Excerpted records:
——

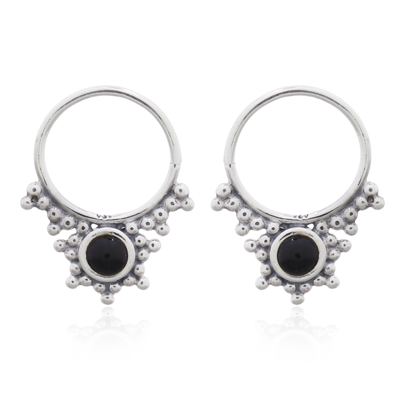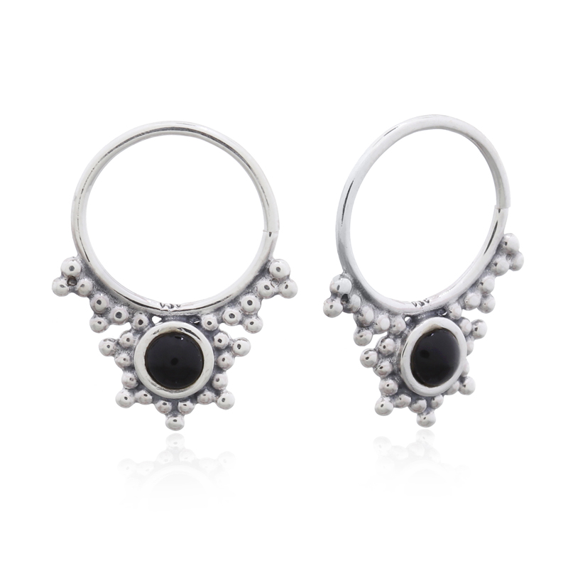 These dainty septum rings in tribal black synthetic stone offer a unique, edgy look. Perfect for adding a distinctive touch to your jewelry lineup. Enjoy our products manufactured in our own facility for reliable quality.
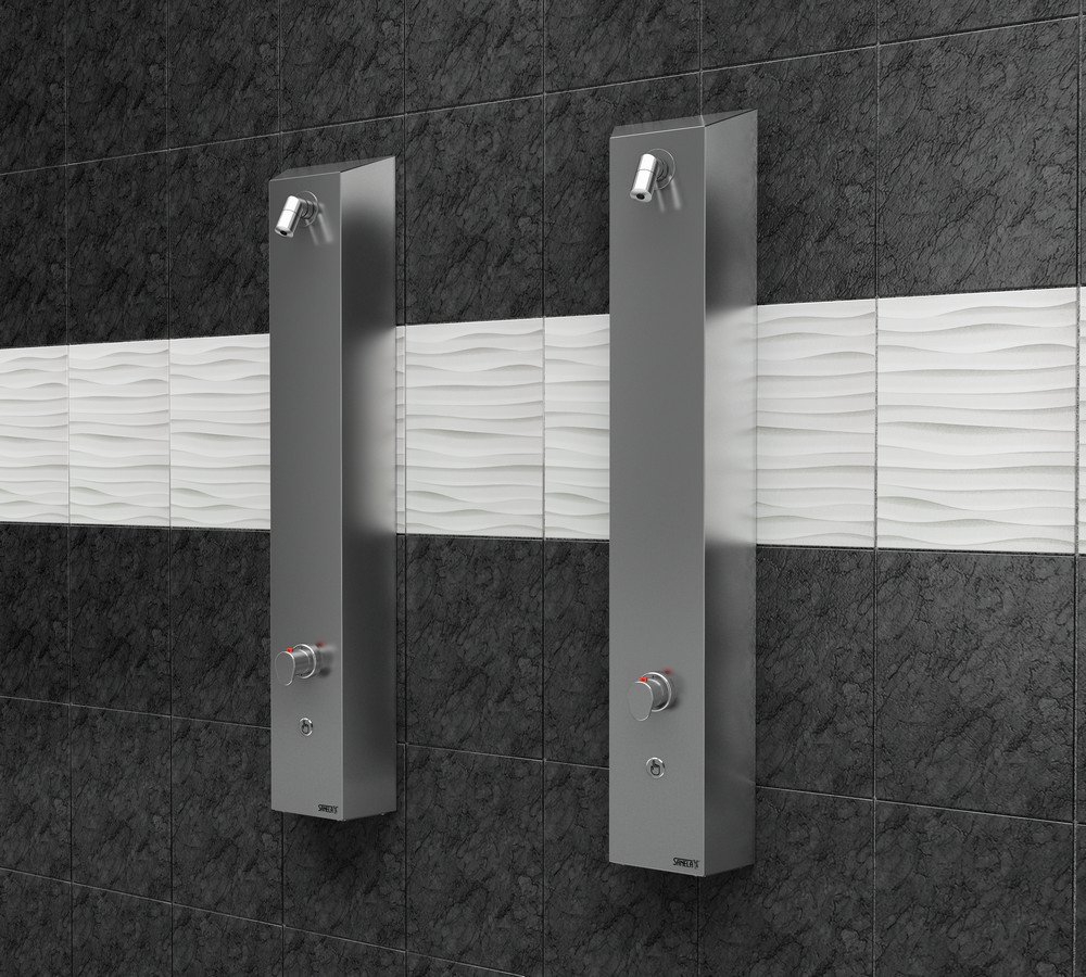 - stainless steel wall hung shower panels with integrated piezo electronics
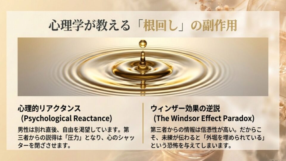 「ウィンザー効果」という心理的効果をご存知でしょうか。直接伝えられるよりも、第三者から聞いた情報のほうが信頼性が増すという効果です。これがポジティブに働けば良いのですが、振った直後の彼に対しては逆効果になります。
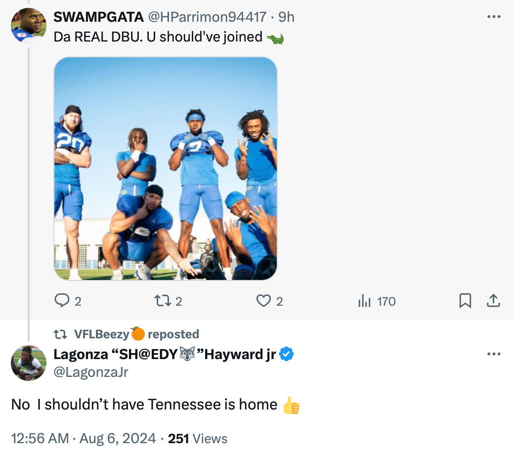 Hayward quickly responded to the Gators fan by saying "No I shouldn't have, Tennessee is home".
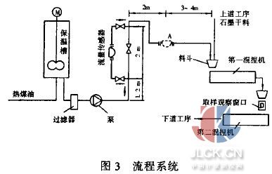 如图3所示,上道工序磨细筛选的粗、中、细、微4种干料按规定比例经皮带秤配料混合后,以恒定流量进人料斗。保温215℃左右,容器内沥青液经过过滤器后由调速电动机拖动的泵打人同一料斗。然后干料和沥青液进人第一混捏机混捏;在进人第二混捏机前,有一取样窗口,可取样观察沥青液和石墨颗粒粘着程度,根据粘着状况调节泵转速以增减沥青液流量,达到控制混捏质量的目的。
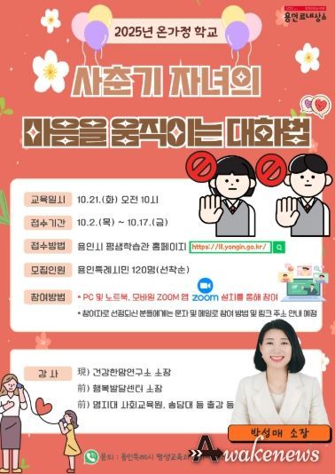 어웨이크뉴스 오경하 기자 | 용인특례시는 ‘사춘기 자녀 마음을 움직이는 대화법’을 주제로 한 ‘2025년 온가정 학교’ 온라인 특강 참가자를 모집한다고 2일 밝혔다.
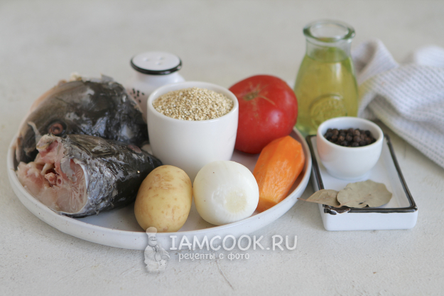 Соберите необходимые продукты и приступим к приготовлению супа из головы сазана.
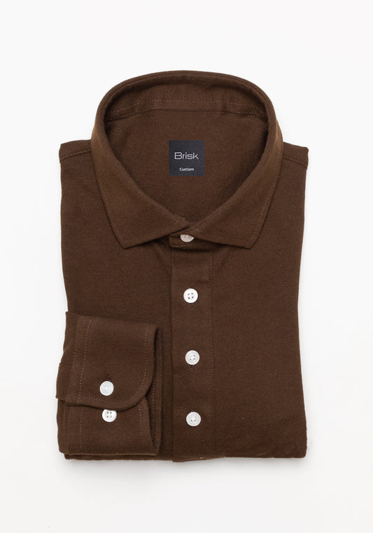 Brown Feather Soft Piqué Popover Full Sleeve Polo Shirt
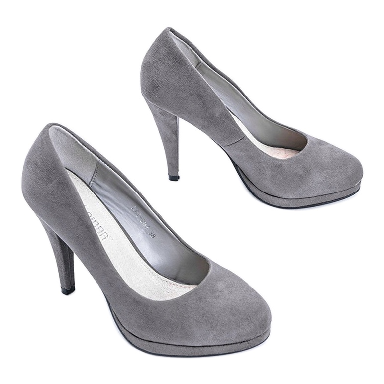 Presentamos unos salones de plataforma grises extremadamente elegantes, modelo Chana. Estos zapatos únicos, confeccionados en ante ecológico de agradable tacto en un tono gris atemporal, serán el complemento perfecto para cualquier estilismo, tanto elegante como informal. El corte clásico y la punta almendrada hacen que estos zapatos sean extremadamente universales y adecuados para diversas ocasiones.
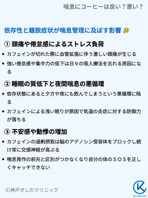 カフェインが切れた時に起こる離脱症状は、直接的に喘息を悪化させるわけではありませんが、体調不良を引き起こし、間接的に喘息の管理を難しくします。主な影響は以下の通りです。
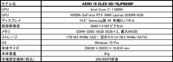 https://www.gigabyte.com/jp/Laptop/AERO-15-OLED--Intel-11th-Gen
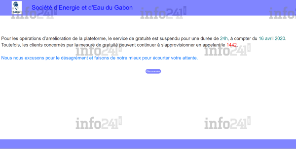 Malgré la fermeture temporaire de la plateforme, la SEEG indique « les clients concernés par la mesure de gratuité peuvent continuer à s’approvisionner en appelant le 1442 ». A l’ancienne donc ! Il faut dire que depuis son lancement, la plateforme visiblement pas au point, méritait de profondes améliorations. Depuis mardi, l’accès était limité à 500 personnes en même temps, puis à 1000, 1500 etc. Il fallait être chanceux pour y avoir accès.
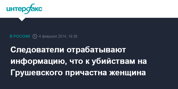 Киев. 4 февраля. INTERFAX.RU - Следователи отрабатывают появившуюся в СМИ информацию, что к убийству на улице Грушевского активиста Михаила Жизневского причастна женщина.

——

Prompt: "Hayward quickly responded" marks the first line to copy, and "如图3所示,上道工序磨细筛选" marks the last. Repeat that stretch above exactly, with no pictures.

Result:
 Hayward quickly responded to the Gators fan by saying "No I shouldn't have, Tennessee is home".
 如图3所示,上道工序磨细筛选的粗、中、细、微4种干料按规定比例经皮带秤配料混合后,以恒定流量进人料斗。保温215℃左右,容器内沥青液经过过滤器后由调速电动机拖动的泵打人同一料斗。然后干料和沥青液进人第一混捏机混捏;在进人第二混捏机前,有一取样窗口,可取样观察沥青液和石墨颗粒粘着程度,根据粘着状况调节泵转速以增减沥青液流量,达到控制混捏质量的目的。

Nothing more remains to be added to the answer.